Hi, this is going to be a long question:
My dataset is basically flowers that are tetraploid in nature. These flowers can be divided into wild and garden flowers.
1) Of what I've read, Tajima's D and Pi are population specific. That is, it mostly explains population structure and should be mostly used within a set population.
Based on this, my idea was to align sequences (based on type (wild /garden)) and measure Tajima's D separately for each type, and based on this alignment,
I measure Tajima's D. My problem here is that the R package that does estimate Tajima's D (PopGenome) does not consider heterozygous SNPs, and thus, would not be accurate for tetraploid SNPs in these sequences. I then found this package, 'snpR' (Hemstrow) that does calculate Tajima's D and pi over a sliding window, but I'm unable to specify populations in that function. I ended up thinking that I could just divide the data based on the types of flowers, but I wouldn't be filtering out monomorphic SNPs. But, I also think that it shouldn't matter, because Tajima's D only measures within a given population.
Could you give any suggestion or idea with regards to how I could measure Tajima's D and pi?
2) For Ka/Ks, I have come across numerous papers that use either DNAsp or KaKs calculator or seqinr kaks(), but I don't think the ploidy is really taken into consideration.
i) Of what I understood, ks/ks is done between populations, to find out the rate of mutation with respect to a certain reference sequence. In that case, if, for example, I have 10 cut flowers and 10 other types of flowers, how do I compare the ka/ks?

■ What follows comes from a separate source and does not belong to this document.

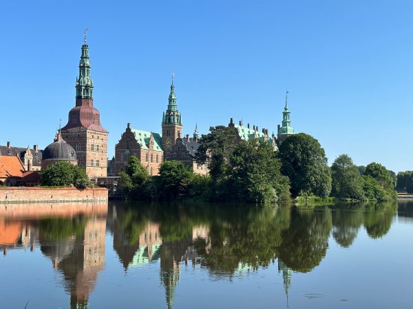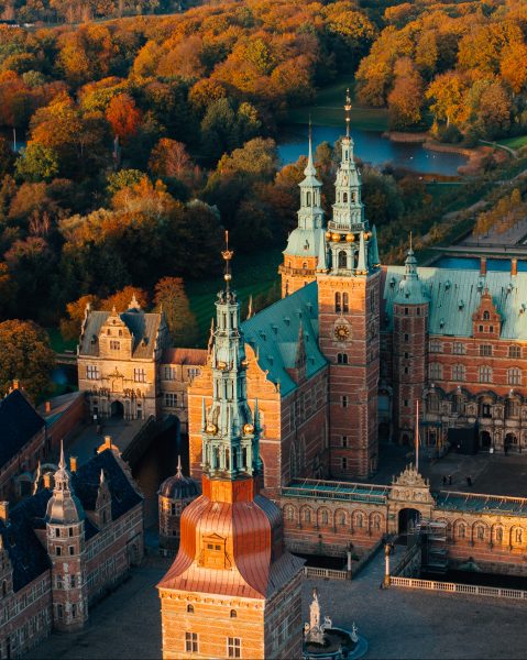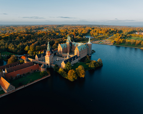 Frederiksborg Slot rejser sig majestætisk i Slotssøen. Hovedslottet på den nordlige ø er et enestående bygningsværk opført i klassisk nederlandsk renæssancestil og består af Kongefløjen, Prinsessefløjen og Kirkefløjen samt en terrassebygning.

From what I read, I would take the CDS sequences, align them and then measure ka/ks (using, for example, seqinr::kaks()), but then I might be losing information on some of the SNPs by blindly aligning all the same type of flowers together. Is there a better procedure to handle this?
ii) I also found some analyses that assesses ka/ks per position. My question here is then, how are you comparing between populations?
Is there a better way to assess ka/ks in r?
Are you wedded to estimating summary statistics in R? I'm a big fan of using R whenever I can, but I find the packages lacking for this level of non-model population genetics.